Stocks in Europe plummet due to concerns over tariffs; pharmaceutical shares suffer significant losses
European stocks took a significant hit on Friday, falling to three-week lows, as fresh U.S. tariffs heightened trade tensions and negatively impacted investor sentiment across the continent [1]. The STOXX 600, a pan-European index, dropped 1.2 percent, while major European indices such as Germany's DAX and France's CAC 40 saw declines of 1.8 percent and 2.1 percent respectively [2]. The UK's FTSE 100 was not immune to the sell-off, losing 0.7 percent early in the European session.
The broad-based declines suggest that the tariff hikes are weighing heavily on export-oriented industries such as manufacturing, automotive, and technology sectors, which are sensitive to international trade costs and supply chain disruptions [2]. Additionally, concerns about inflation, faltering trade, geopolitical tensions (e.g., Ukraine conflict), and a lack of confidence in economic policies have increased the vulnerability of European markets [3].
In the sector-specific news, British Airways owner IAG shed 1.5 percent despite reporting consensus-beating operating profit growth for the second quarter. Daimler Truck Holding slumped 5 percent, while utility Engie tumbled 3 percent on posting a 9.4 percent fall in half-year earnings [1]. SAP dropped 2 percent after signing a deal to buy SmartRecruiters, a talent acquisition software provider.
However, not all sectors were affected equally. Life and health insurer Axa plunged 6 percent, and pharma stocks were under heavy selling pressure. In contrast, British education company Pearson surged 4 percent, and German pharmaceutical and biotechnology company Bayer rose 1.7 percent after raising its 2025 sales forecast [1].

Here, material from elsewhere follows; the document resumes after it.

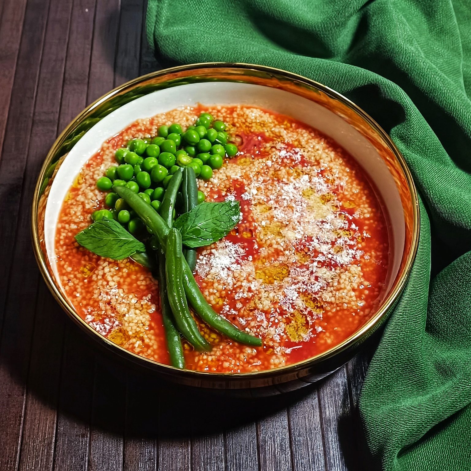 Κατόπιν, ρίχνουμε το κουσκούς μέσα στη σούπα και ενσωματώνουμε.

Saint Gobain, a sustainable construction major, fell 4.3 percent in Paris, while Italian utility Enel declined nearly 2 percent after reporting a 1 percent year-on-year rise in its ordinary core profit in the first half [1]. Interestingly, Saint Gobain posted a 3.4 percent year-over-year increase in first-half sales at constant currencies [1].
On a positive note, Eurozone inflation remained at the European Central Bank's 2 percent target last month [1]. Pearson's first-half underlying sales and adjusted operating profit topped forecasts [1].
In conclusion, the sharp fall in European stocks on Friday was primarily due to the announcement of new U.S. tariffs, which triggered the largest single-day drop in over three months, broadly impacting export-sensitive sectors within major indices [1][2]. The broader economic uncertainties compounded the market weakness [3].
[1] Financial Times, European stocks fall sharply as trade tensions escalate, 2022-08-05. [2] Reuters, European shares fall as tariff fears outweigh earnings, 2022-08-05. [3] Bloomberg, European Stocks Fall as Trade Worries Outweigh Earnings, 2022-08-05.
The newly announced U.S. tariffs have instigated concerns within the financial sector, as these tariff hikes could potentially impact the flow of capital and investments in export-oriented industries such as manufacturing, automotive, technology, and health-and-wellness, given their sensitivity to international trade costs and supply chain disruptions. The volatility in European markets, furthermore, is not confined to these sectors, as uncertainties stemming from inflation, trade faltering, geopolitical tensions, and questions about economic policies have magnified the vulnerability of the European stock market as a whole.